▶ **Supplied data**
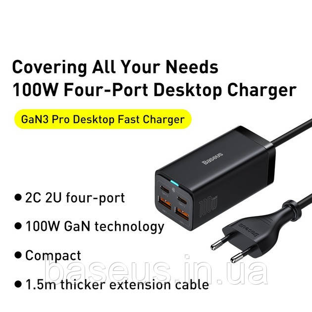 Baseus GaN3 Pro 100W (2 Type-C + 2 USB) — мережевий зарядний пристрій високої потужності, який здатний заряджати 4 гаджети одночасно.
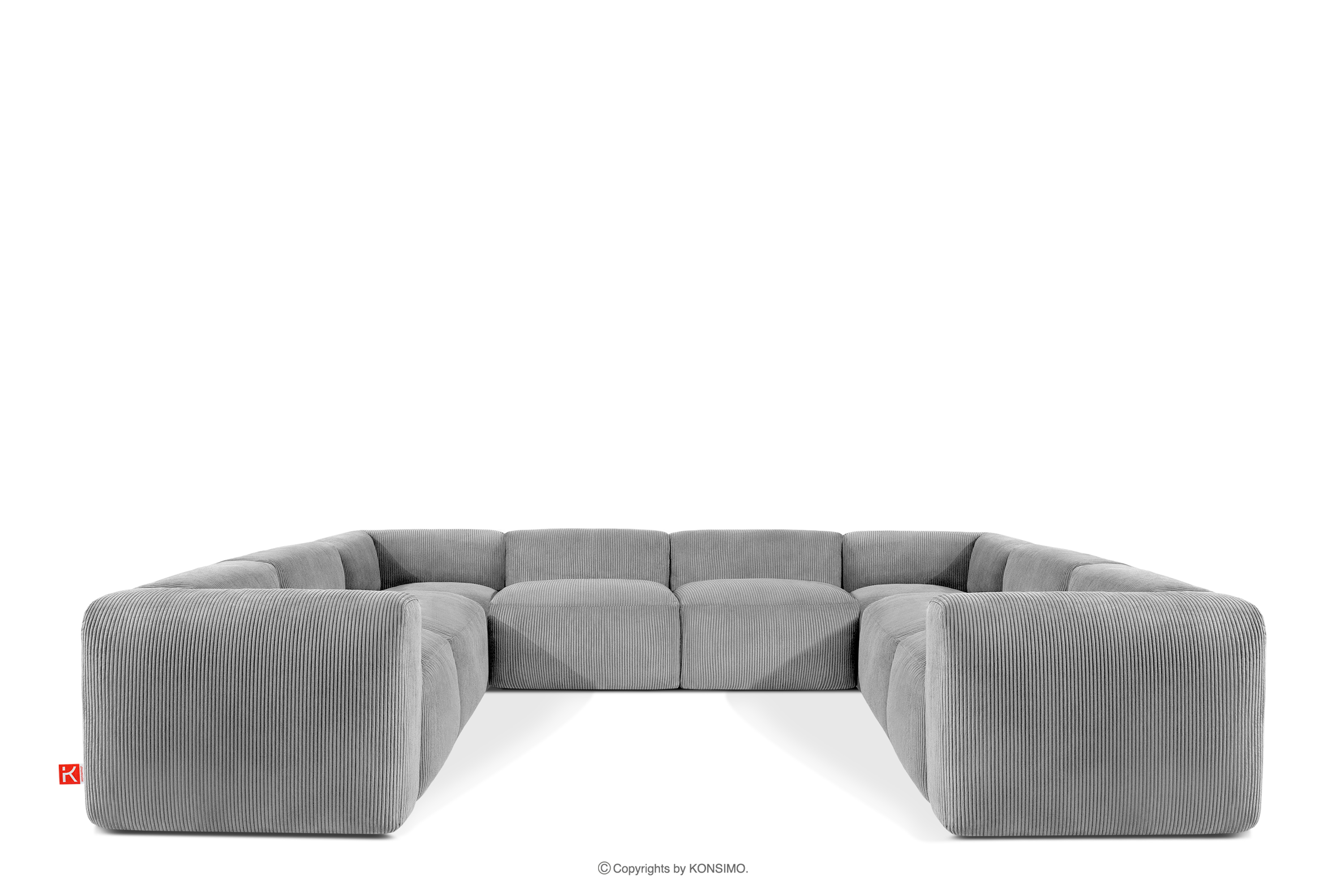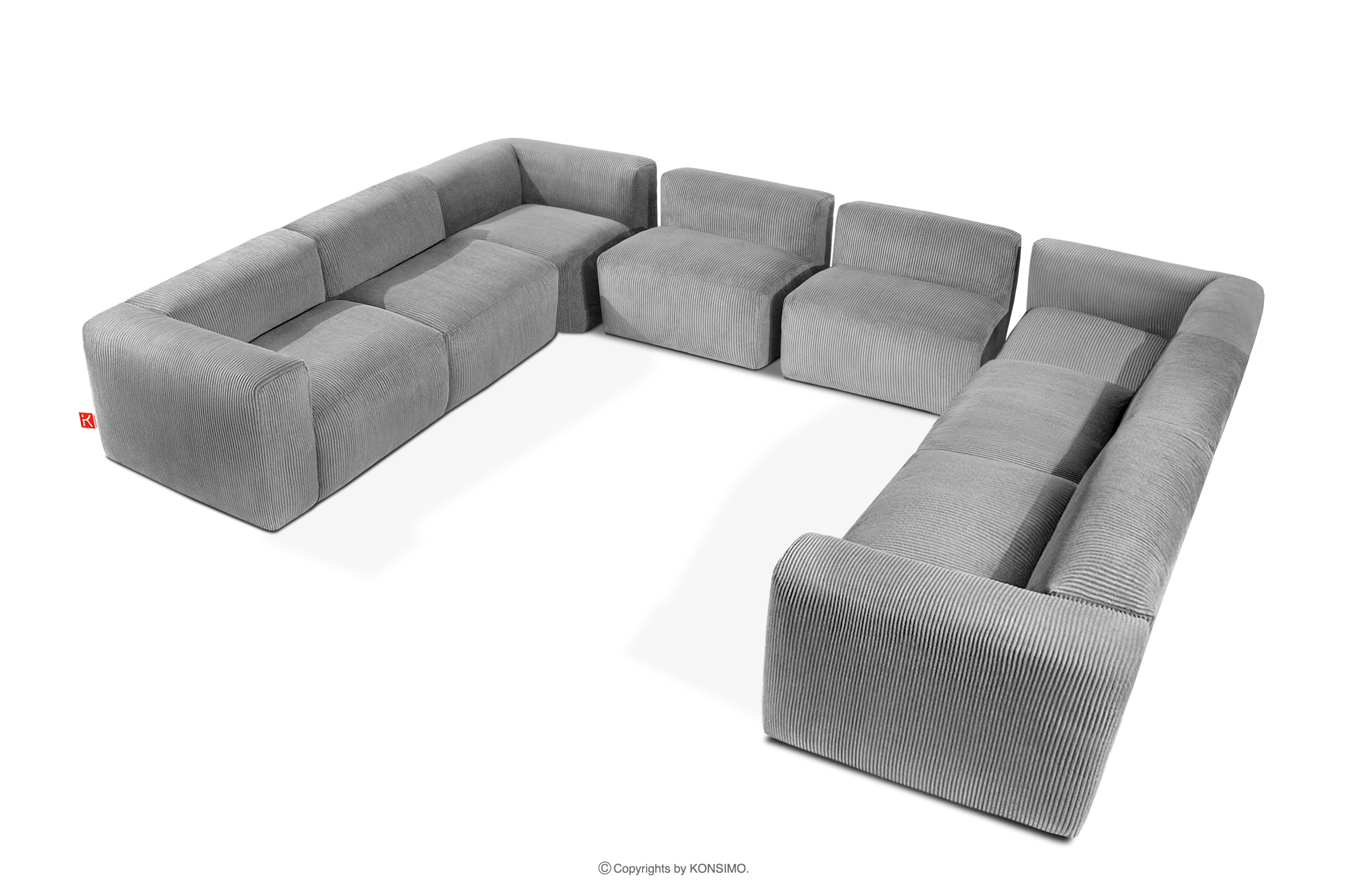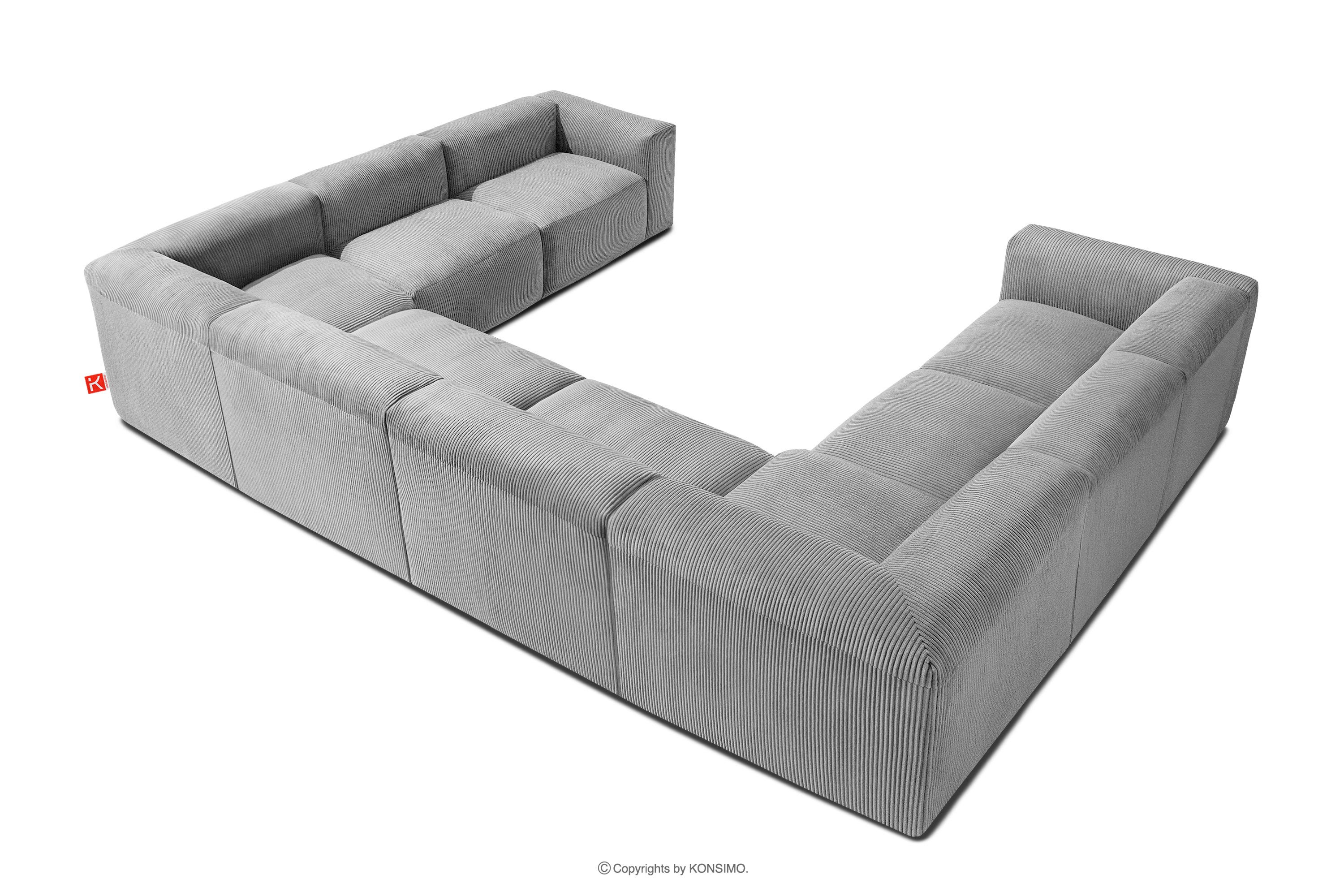 für das Produkt Großes Ecksofa in U-Form aus Kordstoff hellgrau
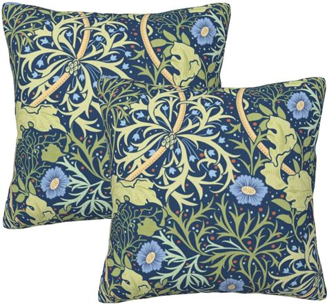 William Morris Green Blue Vintage Floral Pillow Cover,Botanical Pattern William Morris Forest Decorative Throw Pillow Covers Cozy Soft Pillowcase

▶ **What needs to be done**
Output each of the lines above exactly, apart from the images.

▶ **Result of this exercise**
 Baseus GaN3 Pro 100W (2 Type-C + 2 USB) — мережевий зарядний пристрій високої потужності, який здатний заряджати 4 гаджети одночасно.
 für das Produkt Großes Ecksofa in U-Form aus Kordstoff hellgrau
 William Morris Green Blue Vintage Floral Pillow Cover,Botanical Pattern William Morris Forest Decorative Throw Pillow Covers Cozy Soft Pillowcase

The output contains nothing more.